There are plenty of cases where teachers care more about the success of a child than parents.
And this whole post is full of hypothetical idealism. Go to the library and study the subject with the kid?

Again, yall seem to keep thinking in terms of parents with resources and means.
Our schools do the basics in teaching us how to read, write, science, history, econ, foreign languages, they can do the basics in teaching financial literacy. Like everything else, parents can then go above and beyond by really exposing their kids to the subject or challenging them to learn more, but the basics, that's what your tax dollars are for. Nothing about that means putting your child in someone else's hands.
I deliberately used the word "unlikely" to illustrate my understanding there are some cases where the teachers care more about the students than their own parents do. One of my oldest friends falls into this very category. I know it is not always the case the parent will care more, but many times, it is.
Regarding the "hypothetical idealism", I'm speaking as a child of a mother who had me at 20, was from the projects, had only a HS diploma and never had a lot of money when she worked but she somehow made things work. We were not in any bracket of the middle class. We had WIC, section 8, food stamps and whatever other assistance she had to use to take care of my sibling and I once she and my father split. She was still working to take care of us. By all intents and purposes, I was raised in the hood for most years of my childhood.
That being said, my mother would take it upon herself to go to the other side of town to teacher resource stores and buy teacher books and workbooks for me on a variety of subjects. She only stopped doing this once I got to high school. This was back in the late 80s/early 90s. She KEPT me in those books, would sit down and complete them with me and always had more waiting when I was done. Always asking me questions, always making me read something new or had me practicing my writing...just always something (sigh). At my school, she STAYED in my teacher's faces about me and my grades, starting in preschool up thru high school (what I thought was scary and embarrassing then I can see now was a true indication she really cared about me). If I got bad reports for conduct, the first thing she would tell them to do is give me something more challenging to do. That was her contribution to my education. It was exhausting for me, and now that I'm a mother, I can see it was probably extremely exhausting for her because she was doing it all alone; this was my single mother doing all this stuff on her own because it was important to her. Because of all this effort, I was always in classes with higher grades or in TAG classes, all thru high school.
By her own admission, my mother would tell you she is not very learned academically. There are things about her even now she shows embarassment about regarding her skills as a 59yo. That being said, she will also tell you she did what she could for me with what she already had/knew and she would seek out those who could teach me the stuff she could not. This could be in the form of a teacher and a tutor, getting me a new book to study or whatever she could obtain with whatever she had. She was willing to sit down with me and try to learn the stuff as well.

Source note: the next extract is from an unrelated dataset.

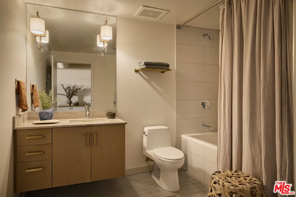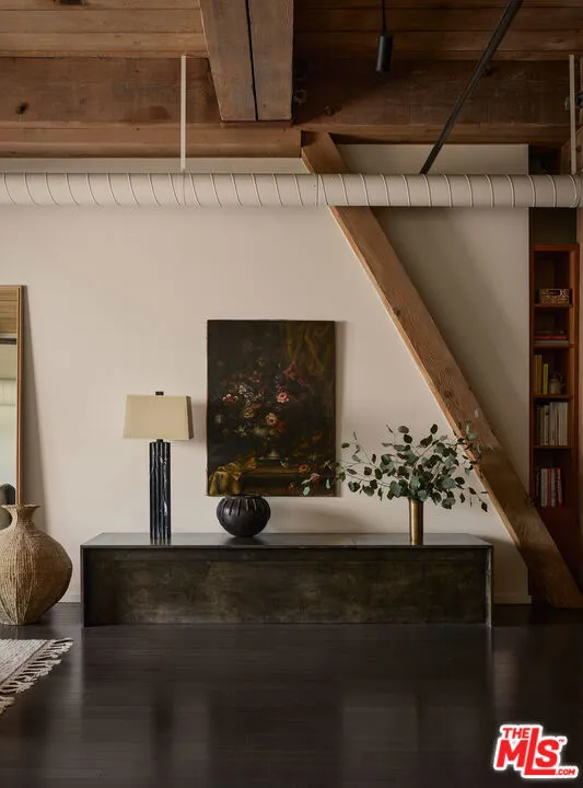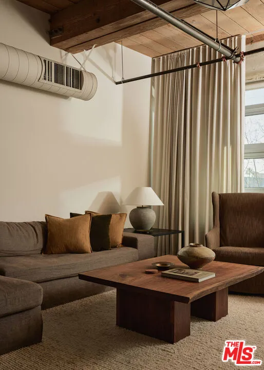 Exceptional Arts District loft in the historic Barker Block, exquisitely designed by noted interior design firm DISC Interiors. A dramatic wall of windows spans the far end of the residence, dressed in floor-to-ceiling drapery that adds warmth and texture, filling the space with an abundance of natural light and framing a coveted downtown skyline view. West-facing units with all wood ceilings and sunset exposures like this rarely come to market at Barker Block, making this residence an exceptional opportunity. This special home strikes a thoughtful balance of warmth and sophistication with hardwood floors throughout, nearly 11-foot ceilings with exposed beams, architectural lighting complemented by designer decorative fixtures, and custom built-in cabinetry providing ample storage at every turn for smart, elevated living. Warm white walls and painted-out ducting give the loft a more cohesive and softened feel. The heart of the loft is a chef's kitchen outfitted with top-of-the-line, recently updated appliances seamlessly anchoring the open layout, ideal for both everyday life and entertaining. A spacious full bath includes in-unit laundry, while the generously sized bedroom features luxurious custom curtains that provide privacy and a thoughtful separation of space. The bedroom is complemented by a large wall of custom designed closets with antique brass hardware, and a built-in wall-to-wall oak dresser. A custom built-in 16' desk with a full wall of bookshelves thoughtfully separates the entry and dining areas, adding both function and architectural interest.The Barker Block is a full-service building offering 24/7 front desk and security, complimentary common-area WiFi, an outdoor lounge with fire pits, and a resort-style rooftop with heated pool, spa, BBQ areas, and a fitness center showcasing some of the best panoramic views in downtown Los Angeles. Known for its striking architectural details and timeless industrial character, the live/work designated Barker Block also offers a dynamic and sophisticated creative community spirit.Located in the heart of the Arts District, moments from Bavel, Girl and the Goat, Verve Coffee, Blue Bottle Coffee, as well as walking distance to Still Life Ceramic Studios, Dover Street Market, Bestia, Soho Warehouse, and art galleries such as Hauser & Wirth, this exceptional loft delivers a rare blend of architectural pedigree, thoughtful design, and a vibrant, walkable urban lifestyle.

I'm saying this all to show I'm not trying to speak from a place of "hypothetical idealism". I'm speaking from experience. I have a mother who, for a while, looked at herself as my educator first, and the school was the secondary. She had had bad experiences with school herself as a child/teen and had resolved to be more involved in her own children's education. She also had a mother who cared more about her reaching a certain age without a baby than a diploma. Lol, it is quite laughable to suggest we were ever people "of means".
As I said before, schools have a responsibility to educate the children. Still, my perspective is on this topic from having the kind of mother I have. My suggestions earlier were me taking a page from her book. With what I saw her do, to me, it is not unrealistic to suggest someone go check out a book with their kid and learn together. Library cards are free and a library offers a place to start. Regarding the subject of financial literacy, I have no doubt if my mother, young as she was, would have seen the value in being adept in handling finances in more sophisticated ways outside of using credit cards and layaway, she would have done something to ensure my sibling and I had been educated in that as well.